Marianne Meye Thompson’s commentary on John in the New Testament Library (Westminster John Knox, 2015) is superb. Her introduction alone is well worth careful reading and reflection as she judiciously navigates questions of history and theology in Johannine scholarship by thinking with John. In the commentary proper, she is highly attuned to the narrative shape of John’s Gospel, his rather unique style of writing, the OT allusions embedded in the narrative, and the cultural milieu of the Gospel. Second, Craig Keener’s two-volume commentary on John repays sustained attention (Baker Academic, 2010). Keener is known for his exhaustive coverage of any given topic, and his John commentary is no different. I recommend Keener to readers looking for thorough treatment of exegetical and historical issues in John.
Third, I recommend Charles Talbert’s Reading John (Smyth & Helwys, 2005). Like his Reading Luke, Talbert pays close attention to the literary and rhetorical features of John’s Gospel and thus helps the reader make connections often missed in more traditional verse-by-verse commentaries. Last, I strongly recommend Richard Bauckham’s monograph Gospel of Glory: Major Themes in Johannine Theology (Baker Academic, 2015). Bauckham is a Johannine expert, and although he has not yet written a major commentary on John, this volume provides the reader with rich insights into John’s key themes and simultaneously teaches one how to read John exegetically-theologically. As a final note, I would also point to the forthcoming commentary on John by David Ford (Baker Academic, 2021). It should be excellent.

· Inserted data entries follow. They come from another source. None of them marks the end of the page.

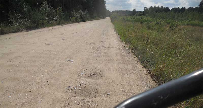 Wkrótce za mną dociera, mijany chwilę wcześniej na asfaltowej drodze, patrol Straży Granicznej. Zdają pewnie standardowe pytania: czy przekroczyłem granicę?, czy zamierzam przekraczać granicę? [Niby po co jeżeli za kilka lat standardy białoruskie mogą obowiązywać i po naszej stronie granicy]. Tłumaczę co w tym miejscu robię, wspominam o maratonie w którym biorę udział. Skoro to impreza zorganizowana to powinna być zgłoszona Straży. Przecież nie ja jestem organizatorem. Zresztą jakie ma to teraz znaczenie jeżeli większość uczestników przejechała tędy kilkanaście godzin wcześniej. Kończy się na wylegitymowaniu, sprawdzeniu w komputerze i spisaniu. Mogę jechać dalej.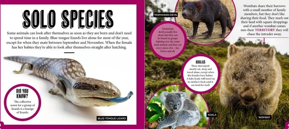 With stunning images from Australian Geographic’s extensive picture library, fun facts about native Australian wildlife and information on the variety of different family groups, this book is a great way to introduce the social structure of Australia’s unique animals. From huge flocks of galahs and giant schools of fish, to caring emperor penguin dads and koalas living alone, find out about the many different family relationships of Aussie animals.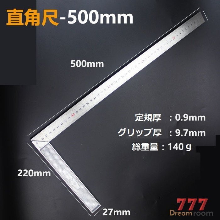 500mm L型 スチールスケール 差し金 曲尺 バークランプ 直角 定規 水平器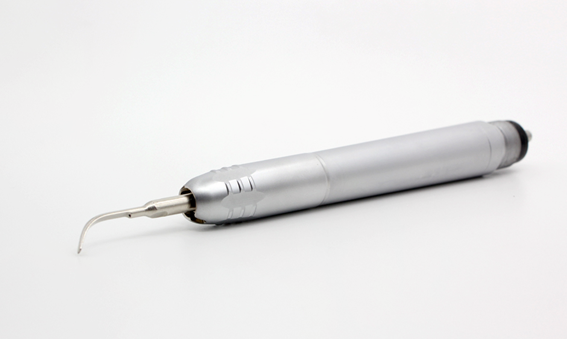 エアースケーラーとは、歯根面に付着した歯石やバイオフィルムなどを、空気圧で振動させて除去する歯科医療用機器です。原理は圧窄空気で発生するエネルギーを回転力に変えて、これをハンドピース内で振動に変換することです。機種によって、さまざまな方法で振動に変換しています。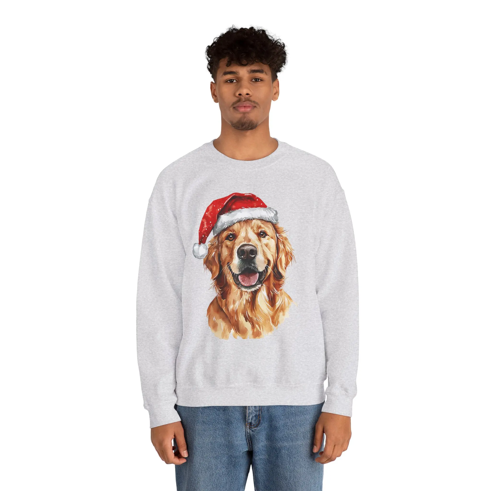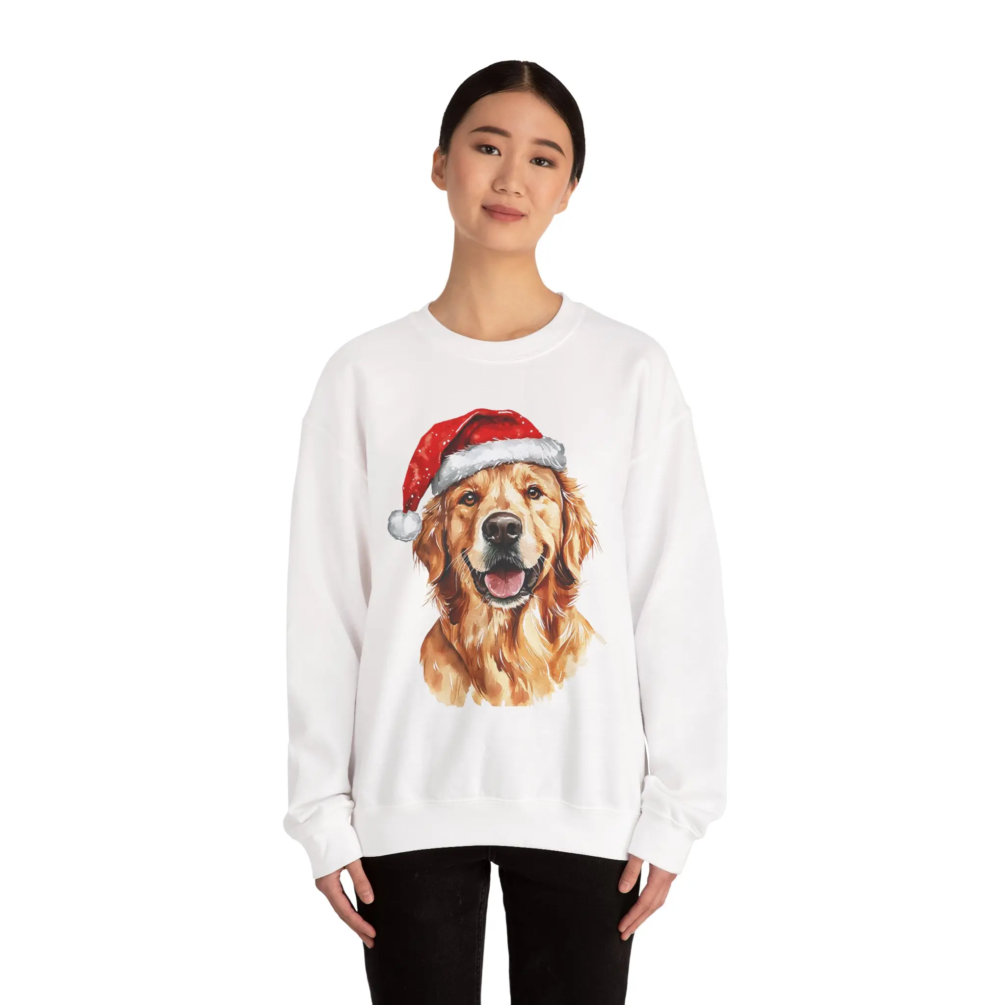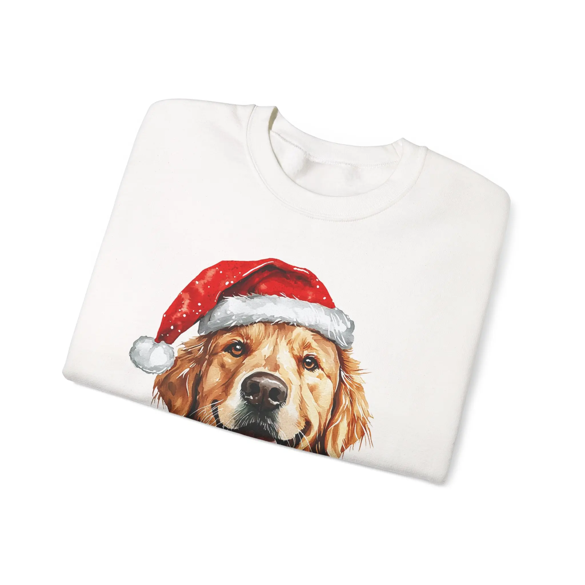 Whether you're baking cookies, walking your pup through winter wonderland, or just embracing peak cozy vibes — this soft, festive crewneck lets your love for Goldens shine bright. Featuring an adorable Golden Retriever rocking a Santa hat, this design is equal parts cheerful and charming.

Luke Timothy Johnson’s commentary on Acts in the Sacra Pagina series (Michael Glazier, 2006) is full of exegetical and theological insights. Johnson is well known as a scholar of Luke and Acts, and he carefully reads Acts as a coherent narrative with attention to how Acts connects with the Gospel of Luke, the role of the OT in Luke, and the “prophetic” mission of the church. Ben Witherington’s The Acts of the Apostles: A Socio-Rhetorical Commentary (Eerdmans, 1997) is also a reliable, single-volume commentary on Acts. Witherington navigates judiciously some of the difficult social, historical, and theological issues pertinent to Acts, providing a sort of running exposition of the text.
A third commentary well worth engaging is Willie Jennings’s recent and unique volume on Acts in the Belief series (Westminster John Knox, 2017). Jennings’s commentary—like the series—attempts to read Acts theologically against the backdrop of contemporary ecclesial and cultural issues (e.g., racism, nationalism, etc.). Jennings is less concerned about extensive conversation with Acts scholarship and more interested in helping the church think with the revolutionary theological vision of Acts. I also recommend two monographs in relation to Acts. The first is C. Kavin Rowe’s World Upside Down: Reading Acts in the Graeco-Roman Age (Oxford University Press, 2016). Rowe’s work is technical and requires careful attention, but it is so richly rewarding for thinking about the shape of the church’s existence in the Greco-Roman world and, by extension, today, that it is worth the effort. Particularly, chapters 4–5 of that book cast a vision of Christian/ecclesial existence (from reflection on Acts) that is, in my view, unsurpassed. The second is Joel B. Green’s Conversion in Luke-Acts (Baker Academic, 2015). Green’s work is also somewhat technical, but his focus on the journey-shape of conversion in Luke’s two volumes connects careful reading of Luke and Acts with current thinking about embodied human life.